Dataset content -

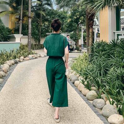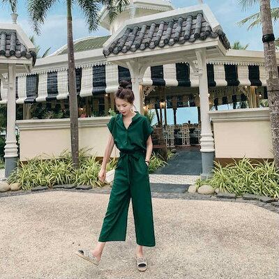 レディース ジャンプスーツ ワイドレッグパンツ 半端丈 クロップドパンツ オールインワン サロペット 大人カジュアル きれいめ 可愛い リゾート おしゃれ お出かけ デイリー グリーン S M L
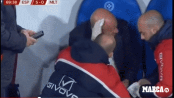 在昨晚的欧预赛中,西班牙7-0屠杀马耳他。马耳他不但输了球,主帅法鲁吉亚还挂了彩。在1分钟丢掉2球之后,法鲁吉亚一头撞在了替补席遮雨棚上,他的大光头被“开瓢”了。
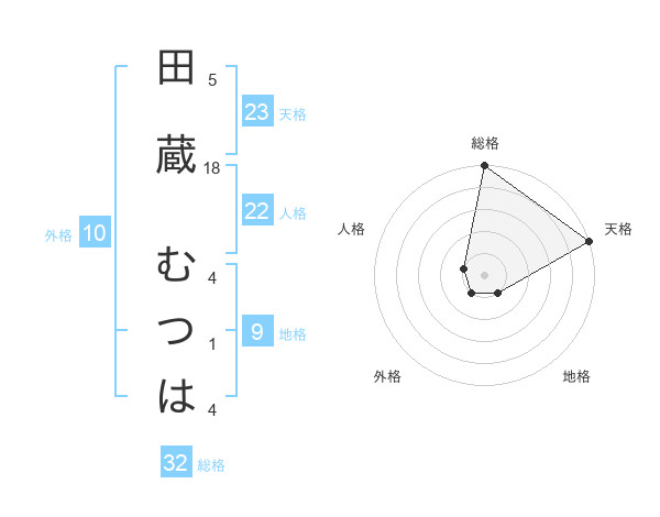 田蔵 むつはさんの総格は32画の5点!
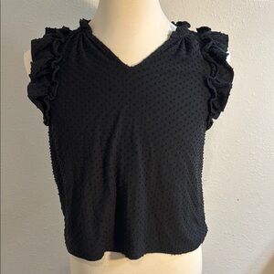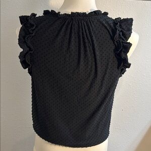 This elegant black blouse features a sleeveless design with charming ruffled details and a smocked texture, offering a stylish and comfortable fit. Perfect for any occasion, its sophisticated style effortlessly combines casual comfort with feminine flair.

The task -
Please write out the whole listing exactly, but not the pictures in it.

Response area -
 レディース ジャンプスーツ ワイドレッグパンツ 半端丈 クロップドパンツ オールインワン サロペット 大人カジュアル きれいめ 可愛い リゾート おしゃれ お出かけ デイリー グリーン S M L
 在昨晚的欧预赛中,西班牙7-0屠杀马耳他。马耳他不但输了球,主帅法鲁吉亚还挂了彩。在1分钟丢掉2球之后,法鲁吉亚一头撞在了替补席遮雨棚上,他的大光头被“开瓢”了。
 田蔵 むつはさんの総格は32画の5点!
 This elegant black blouse features a sleeveless design with charming ruffled details and a smocked texture, offering a stylish and comfortable fit. Perfect for any occasion, its sophisticated style effortlessly combines casual comfort with feminine flair.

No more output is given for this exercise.